WORK INSTRUCTION – From the entries below, print exactly the span beginning with the line holding "Las luminarias de" and ending with the line holding "Simulated various downtime", endpoints included, and skip any pictures.

EXERCISE MATERIALS –
::::::::
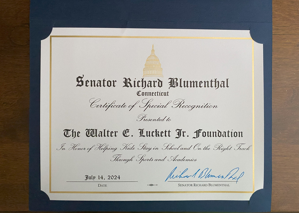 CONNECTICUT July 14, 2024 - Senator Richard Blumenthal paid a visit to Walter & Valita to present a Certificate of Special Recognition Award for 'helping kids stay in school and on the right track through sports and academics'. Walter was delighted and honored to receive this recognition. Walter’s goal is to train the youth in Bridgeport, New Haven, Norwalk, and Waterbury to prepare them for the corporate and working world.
::::::::
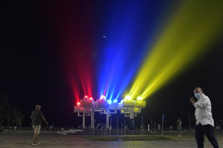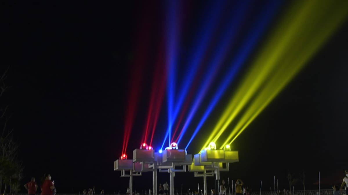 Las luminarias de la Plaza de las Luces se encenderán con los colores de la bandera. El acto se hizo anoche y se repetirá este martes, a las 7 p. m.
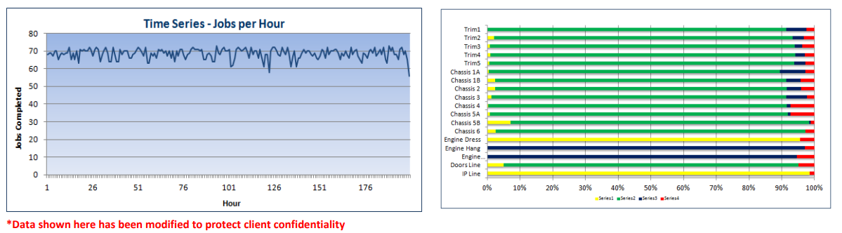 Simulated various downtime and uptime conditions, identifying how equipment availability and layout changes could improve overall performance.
::::::::
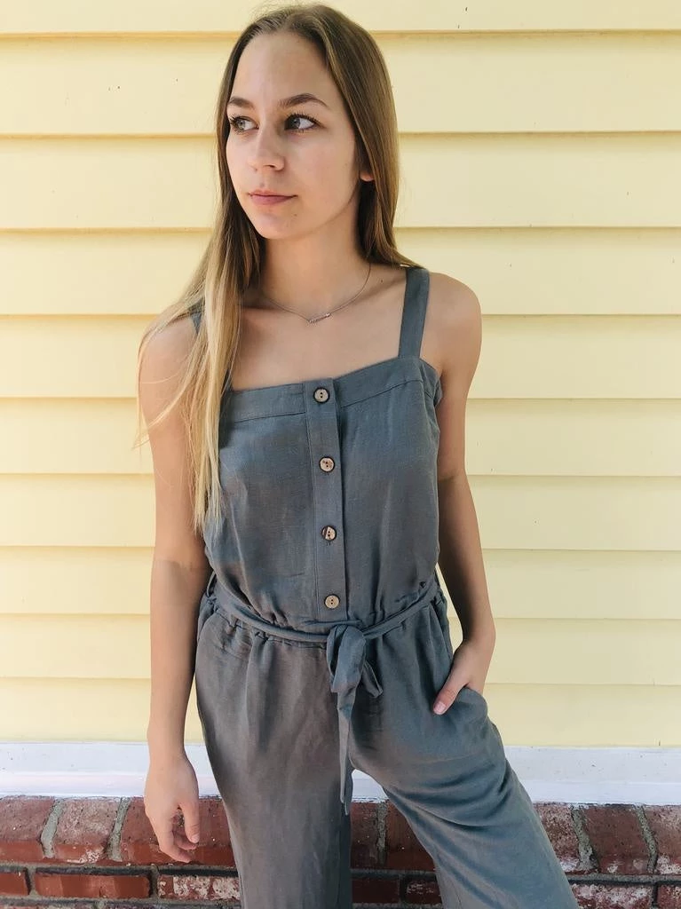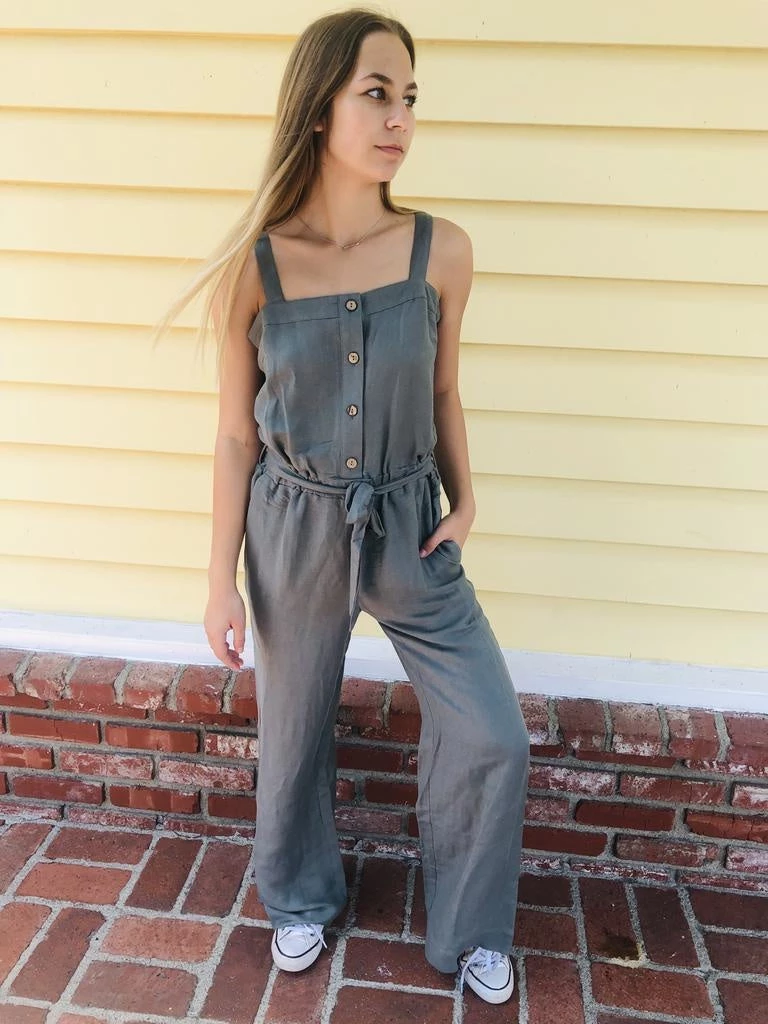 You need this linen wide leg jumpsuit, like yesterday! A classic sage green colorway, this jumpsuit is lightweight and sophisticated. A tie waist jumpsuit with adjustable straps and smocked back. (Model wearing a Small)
::::::::
EXERCISE SOLUTION –
 Las luminarias de la Plaza de las Luces se encenderán con los colores de la bandera. El acto se hizo anoche y se repetirá este martes, a las 7 p. m.
 Simulated various downtime and uptime conditions, identifying how equipment availability and layout changes could improve overall performance.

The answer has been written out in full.